На бренчащем пианино играла сестра Полины Максимовны громко, быстро и весело. Это казалось мне более высоким мастерством, чем тихая, медленная и чаще всего печальная игра соседок на нашем пианино. Когда я просил у них веселое, как в синематографе, то они наигрывали чижика-пыжика или „зеленую крокодилу“. Это было явно пренебрежительно и оскорбляло человека, который уже сам прочитал толстенного „Робинзона Крузо“ и знал наизусть не какие-нибудь детские стишки „Пряник шоколадный в голубом кафтане“, а даже Пушкина „Как ныне сбирается вещий Олег…“ и „Шестой уж год я царствую спокойно“.

В синематографе я смотрел похождения Глупышкина, веселые мультипликации и какие-то непонятные фильмы, в которых показывали Веру Холодную, бледную, с большими темными глазами, в огромных шляпах и длинных-длинных платьях. Она заламывала руки, плакала большими холодными слезами, рядом в зале тоже плакали женщины, я не понимал почему и терпеливо ждал следующего сеанса, который начинал весельчак Глупышкин.

4.

В Киеве часто сменялись власти.

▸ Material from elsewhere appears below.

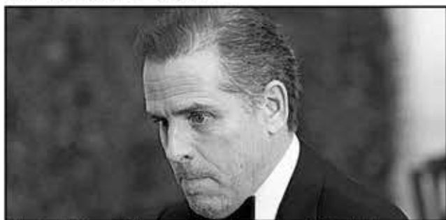
Hunter Biden, le fils du président, a accepté de plaider coupable de fraude à l'impôt sur le revenu dans le cadre d'un accord avec le ministère de la Justice.

Каждый раз была стрельба и тогда соседи приходили к нам играть в лото, в преферанс и петь.

Пока меня не загоняли в постель, я вертелся среди взрослых, разносил фишки для лото и даже удостаивался чести выкликать номера. Я уже знал все цифры, и мама этим очень гордилась.

На смену Полине Максимовне пришла немецкая „фроляйн“ Елена Францевна. Высокая, узколицая и светловолосая, неулыбчивая, но справедливая. У нее не было икон, она читала маленькую библию, иногда вслух тихим голосом. Она тоже говорила про Христа, но ее Христос не требовал, чтобы я крестился. Более того, оказывается, и он сам, и его ученики тоже были евреями, хорошими, как мы, а распяли его другие евреи, злые, как Троцкий и большевики, которые против Христа. А он учил прощать обиды, жалеть и любить не только друзей, но и врагов. Это было совсем необычно и прекрасно.

Мама любила хвастать моими „поразительными“ способностями. Когда приходили гости, в канонадные вечера меня заставляли декламировать. Такое выставление напоказ было противным. Я упирался и получал оплеухи. Должно быть, поэтому я с тех пор раз и навсегда забыл и стихи о прянике и монолог Бориса Годунова. Захлопнулась в памяти какая-то задвижка. Однажды вместо декламации я стал говорить о том, что Христос велел любить врагов и жалеть их. И я жалею Ленина и Троцкого. Жалею, потому что их никто не любит.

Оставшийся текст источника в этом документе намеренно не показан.